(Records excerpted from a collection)
- - - - -

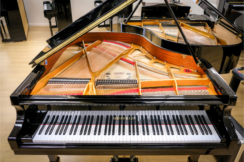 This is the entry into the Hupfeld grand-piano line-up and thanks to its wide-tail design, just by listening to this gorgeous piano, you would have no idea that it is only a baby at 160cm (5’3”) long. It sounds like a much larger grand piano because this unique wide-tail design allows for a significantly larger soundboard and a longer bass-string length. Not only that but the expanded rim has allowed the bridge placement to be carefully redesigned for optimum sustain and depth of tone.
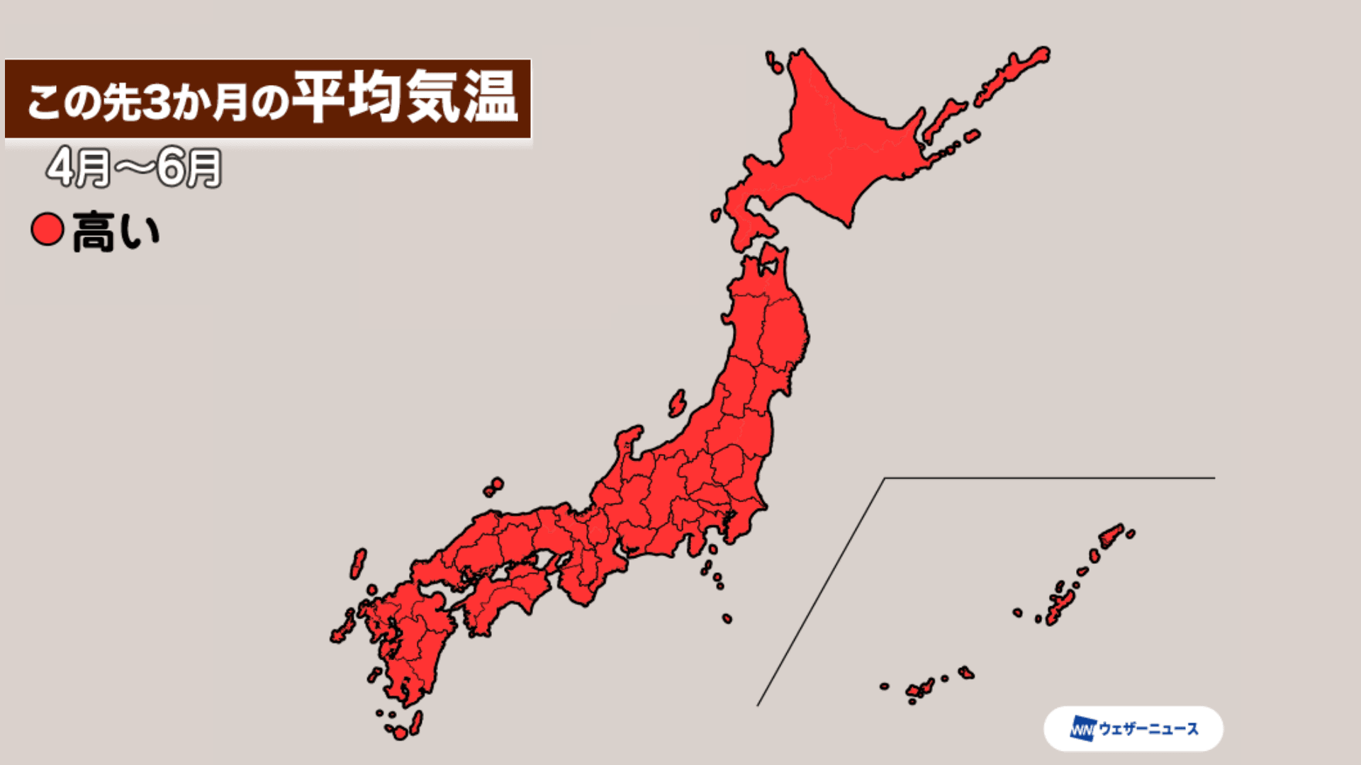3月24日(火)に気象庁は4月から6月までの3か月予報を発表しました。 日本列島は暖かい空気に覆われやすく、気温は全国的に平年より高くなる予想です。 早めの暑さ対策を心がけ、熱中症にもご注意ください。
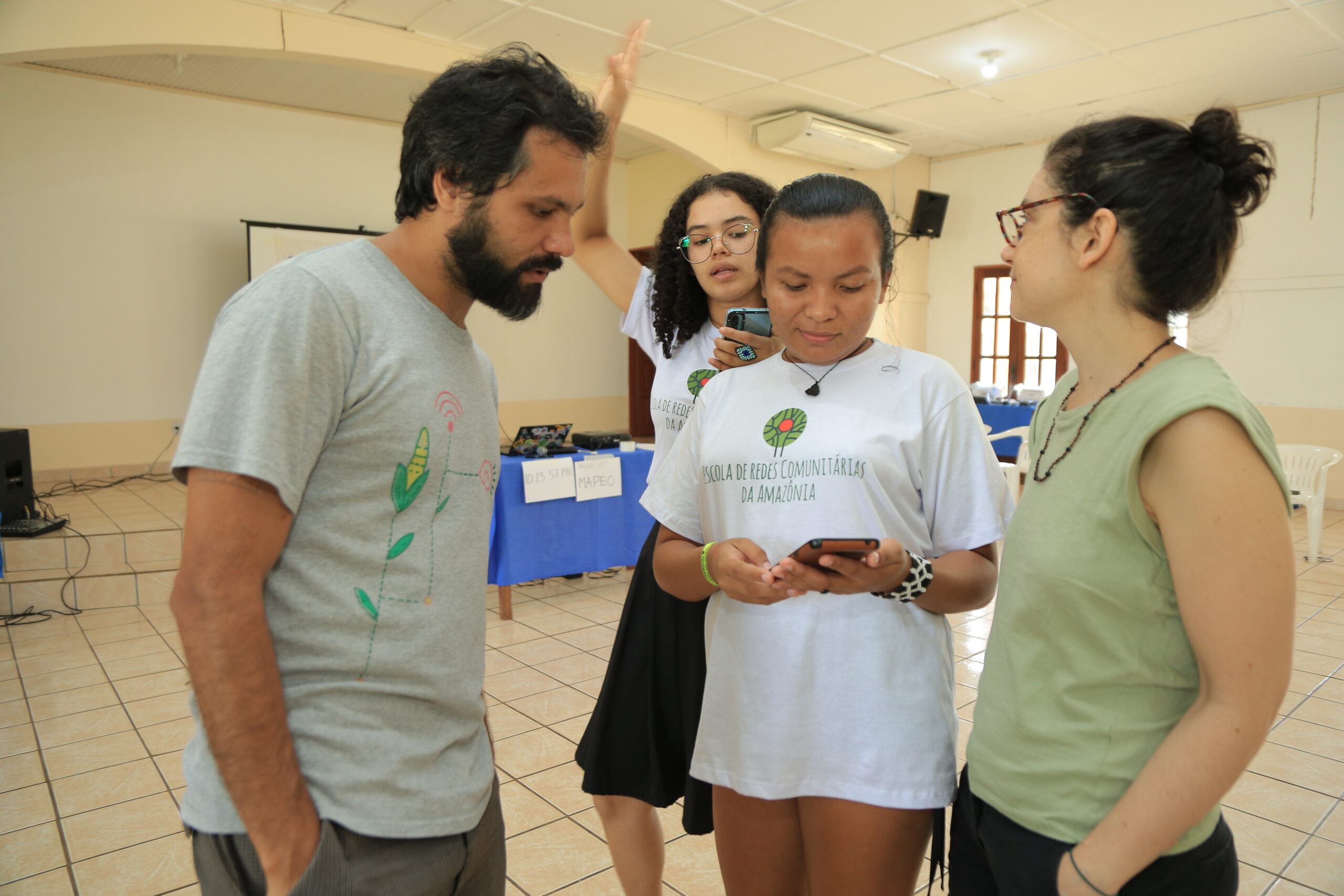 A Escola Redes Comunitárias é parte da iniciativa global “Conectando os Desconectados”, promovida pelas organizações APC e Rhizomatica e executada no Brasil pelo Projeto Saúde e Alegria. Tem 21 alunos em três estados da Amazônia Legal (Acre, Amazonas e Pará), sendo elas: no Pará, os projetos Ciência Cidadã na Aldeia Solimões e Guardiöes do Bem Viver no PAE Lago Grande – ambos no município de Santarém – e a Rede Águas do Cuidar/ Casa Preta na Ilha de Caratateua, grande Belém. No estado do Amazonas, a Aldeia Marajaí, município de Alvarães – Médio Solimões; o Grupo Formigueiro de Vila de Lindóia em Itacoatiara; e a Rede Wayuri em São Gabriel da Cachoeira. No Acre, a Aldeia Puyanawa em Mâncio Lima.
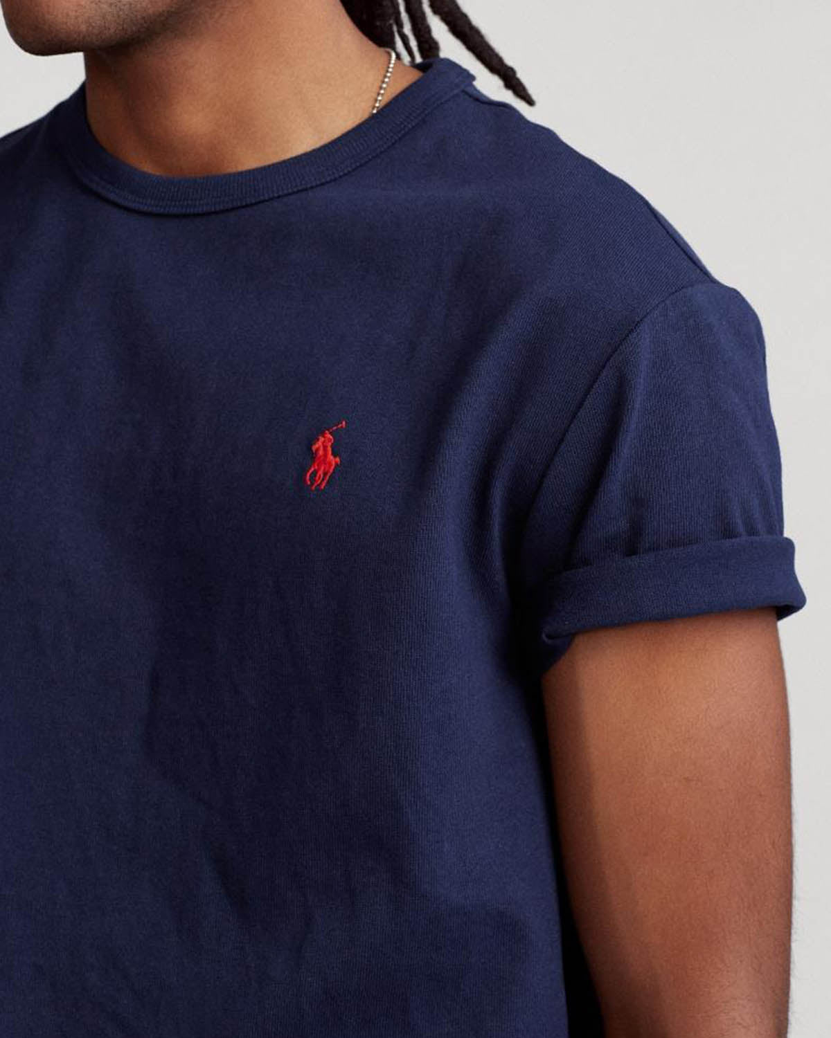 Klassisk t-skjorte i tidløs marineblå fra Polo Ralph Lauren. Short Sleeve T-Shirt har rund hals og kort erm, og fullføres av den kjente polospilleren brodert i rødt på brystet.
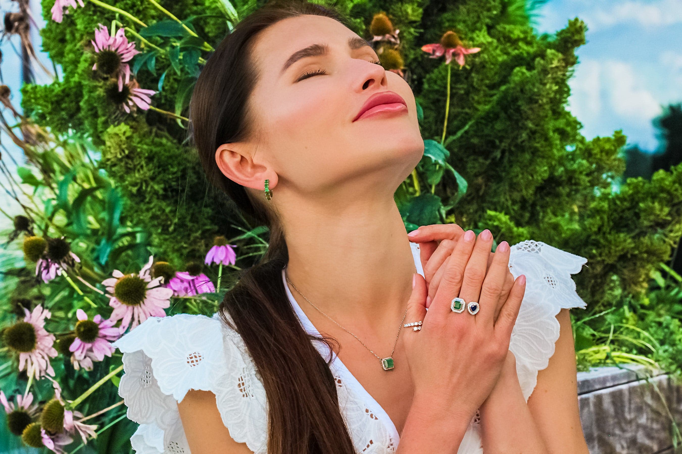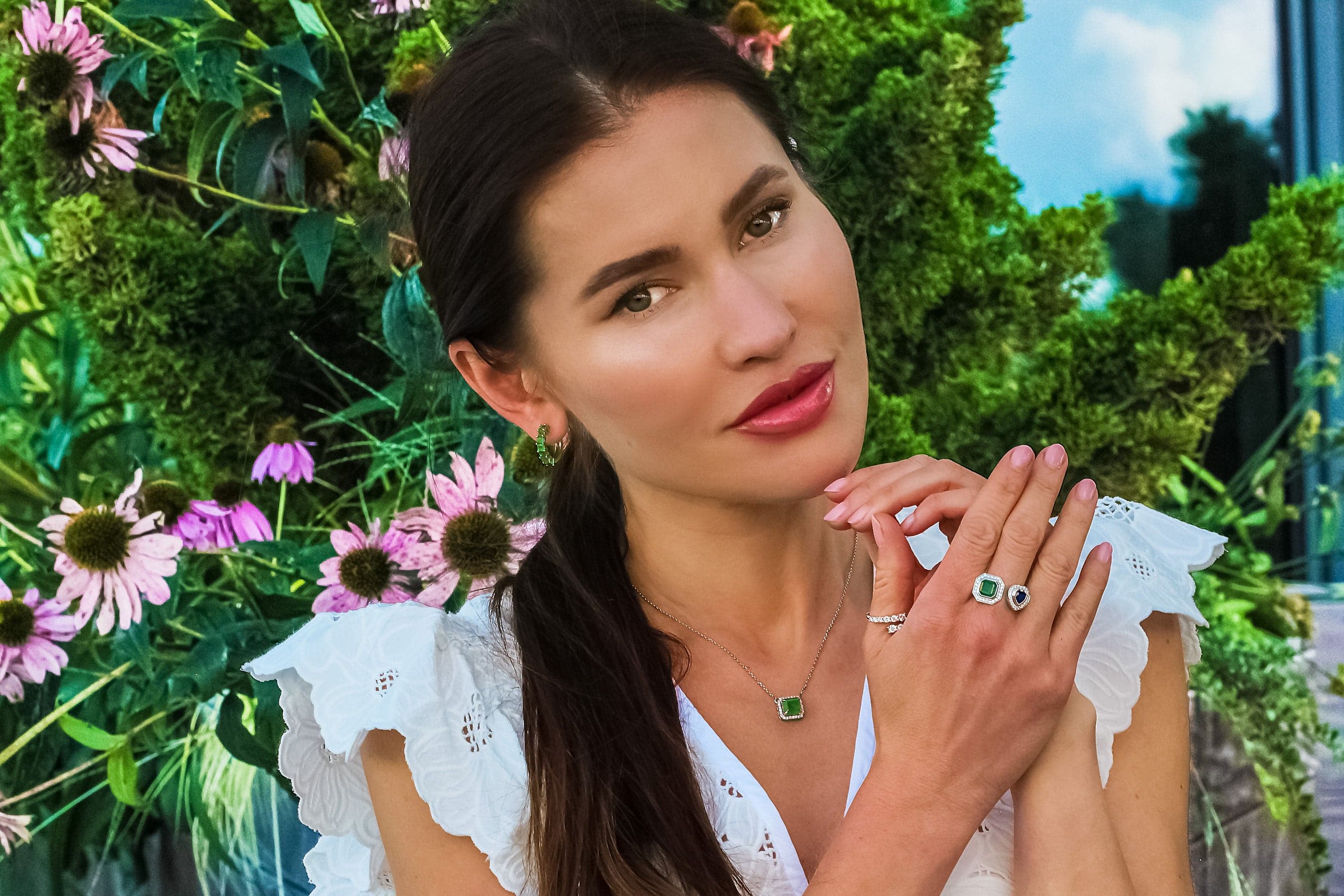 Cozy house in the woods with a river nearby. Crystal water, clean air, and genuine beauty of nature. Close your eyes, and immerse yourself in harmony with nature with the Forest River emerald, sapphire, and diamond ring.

- - - - -

#### Task to carry out
Each record should be quoted exactly, with the images omitted.

#### Task solution
 This is the entry into the Hupfeld grand-piano line-up and thanks to its wide-tail design, just by listening to this gorgeous piano, you would have no idea that it is only a baby at 160cm (5’3”) long. It sounds like a much larger grand piano because this unique wide-tail design allows for a significantly larger soundboard and a longer bass-string length. Not only that but the expanded rim has allowed the bridge placement to be carefully redesigned for optimum sustain and depth of tone.
3月24日(火)に気象庁は4月から6月までの3か月予報を発表しました。 日本列島は暖かい空気に覆われやすく、気温は全国的に平年より高くなる予想です。 早めの暑さ対策を心がけ、熱中症にもご注意ください。
 A Escola Redes Comunitárias é parte da iniciativa global “Conectando os Desconectados”, promovida pelas organizações APC e Rhizomatica e executada no Brasil pelo Projeto Saúde e Alegria. Tem 21 alunos em três estados da Amazônia Legal (Acre, Amazonas e Pará), sendo elas: no Pará, os projetos Ciência Cidadã na Aldeia Solimões e Guardiöes do Bem Viver no PAE Lago Grande – ambos no município de Santarém – e a Rede Águas do Cuidar/ Casa Preta na Ilha de Caratateua, grande Belém. No estado do Amazonas, a Aldeia Marajaí, município de Alvarães – Médio Solimões; o Grupo Formigueiro de Vila de Lindóia em Itacoatiara; e a Rede Wayuri em São Gabriel da Cachoeira. No Acre, a Aldeia Puyanawa em Mâncio Lima.
 Klassisk t-skjorte i tidløs marineblå fra Polo Ralph Lauren. Short Sleeve T-Shirt har rund hals og kort erm, og fullføres av den kjente polospilleren brodert i rødt på brystet.
 Cozy house in the woods with a river nearby. Crystal water, clean air, and genuine beauty of nature. Close your eyes, and immerse yourself in harmony with nature with the Forest River emerald, sapphire, and diamond ring.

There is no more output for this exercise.